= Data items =
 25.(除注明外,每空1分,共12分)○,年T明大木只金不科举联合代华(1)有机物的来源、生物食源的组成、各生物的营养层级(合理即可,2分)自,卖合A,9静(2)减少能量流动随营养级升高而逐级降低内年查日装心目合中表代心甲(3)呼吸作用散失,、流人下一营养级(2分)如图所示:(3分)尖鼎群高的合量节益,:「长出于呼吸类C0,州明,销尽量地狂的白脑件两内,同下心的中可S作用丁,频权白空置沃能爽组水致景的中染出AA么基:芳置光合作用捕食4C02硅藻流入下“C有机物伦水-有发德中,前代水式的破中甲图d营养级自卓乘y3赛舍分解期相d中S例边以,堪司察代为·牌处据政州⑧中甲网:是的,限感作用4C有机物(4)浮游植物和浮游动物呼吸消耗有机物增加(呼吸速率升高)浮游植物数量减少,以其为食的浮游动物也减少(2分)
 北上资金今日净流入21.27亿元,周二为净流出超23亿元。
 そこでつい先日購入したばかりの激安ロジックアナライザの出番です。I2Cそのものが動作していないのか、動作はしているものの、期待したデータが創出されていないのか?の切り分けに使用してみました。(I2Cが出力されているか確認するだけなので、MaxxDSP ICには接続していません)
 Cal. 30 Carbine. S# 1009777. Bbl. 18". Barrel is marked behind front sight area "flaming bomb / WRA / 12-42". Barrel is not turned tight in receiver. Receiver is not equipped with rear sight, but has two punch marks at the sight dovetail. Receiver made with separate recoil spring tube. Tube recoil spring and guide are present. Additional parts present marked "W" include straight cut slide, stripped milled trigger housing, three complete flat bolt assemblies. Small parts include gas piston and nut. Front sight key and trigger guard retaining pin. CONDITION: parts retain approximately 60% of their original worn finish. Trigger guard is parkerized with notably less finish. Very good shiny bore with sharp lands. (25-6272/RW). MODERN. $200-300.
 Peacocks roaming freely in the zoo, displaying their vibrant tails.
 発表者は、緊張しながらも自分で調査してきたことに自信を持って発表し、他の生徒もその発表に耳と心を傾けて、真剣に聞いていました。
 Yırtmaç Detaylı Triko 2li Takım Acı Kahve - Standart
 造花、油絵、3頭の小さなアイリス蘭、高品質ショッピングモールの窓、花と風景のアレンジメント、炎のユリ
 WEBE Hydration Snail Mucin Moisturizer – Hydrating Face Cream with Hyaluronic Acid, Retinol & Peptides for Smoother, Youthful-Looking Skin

= TRY IT =
The full data, repeated exactly, is the only acceptable output.

= RESULT =
 25.(除注明外,每空1分,共12分)○,年T明大木只金不科举联合代华(1)有机物的来源、生物食源的组成、各生物的营养层级(合理即可,2分)自,卖合A,9静(2)减少能量流动随营养级升高而逐级降低内年查日装心目合中表代心甲(3)呼吸作用散失,、流人下一营养级(2分)如图所示:(3分)尖鼎群高的合量节益,:「长出于呼吸类C0,州明,销尽量地狂的白脑件两内,同下心的中可S作用丁,频权白空置沃能爽组水致景的中染出AA么基:芳置光合作用捕食4C02硅藻流入下“C有机物伦水-有发德中,前代水式的破中甲图d营养级自卓乘y3赛舍分解期相d中S例边以,堪司察代为·牌处据政州⑧中甲网:是的,限感作用4C有机物(4)浮游植物和浮游动物呼吸消耗有机物增加(呼吸速率升高)浮游植物数量减少,以其为食的浮游动物也减少(2分)
 北上资金今日净流入21.27亿元,周二为净流出超23亿元。
 そこでつい先日購入したばかりの激安ロジックアナライザの出番です。I2Cそのものが動作していないのか、動作はしているものの、期待したデータが創出されていないのか?の切り分けに使用してみました。(I2Cが出力されているか確認するだけなので、MaxxDSP ICには接続していません)
 Cal. 30 Carbine. S# 1009777. Bbl. 18". Barrel is marked behind front sight area "flaming bomb / WRA / 12-42". Barrel is not turned tight in receiver. Receiver is not equipped with rear sight, but has two punch marks at the sight dovetail. Receiver made with separate recoil spring tube. Tube recoil spring and guide are present. Additional parts present marked "W" include straight cut slide, stripped milled trigger housing, three complete flat bolt assemblies. Small parts include gas piston and nut. Front sight key and trigger guard retaining pin. CONDITION: parts retain approximately 60% of their original worn finish. Trigger guard is parkerized with notably less finish. Very good shiny bore with sharp lands. (25-6272/RW). MODERN. $200-300.
 Peacocks roaming freely in the zoo, displaying their vibrant tails.
 発表者は、緊張しながらも自分で調査してきたことに自信を持って発表し、他の生徒もその発表に耳と心を傾けて、真剣に聞いていました。
 Yırtmaç Detaylı Triko 2li Takım Acı Kahve - Standart
 造花、油絵、3頭の小さなアイリス蘭、高品質ショッピングモールの窓、花と風景のアレンジメント、炎のユリ
 WEBE Hydration Snail Mucin Moisturizer – Hydrating Face Cream with Hyaluronic Acid, Retinol & Peptides for Smoother, Youthful-Looking Skin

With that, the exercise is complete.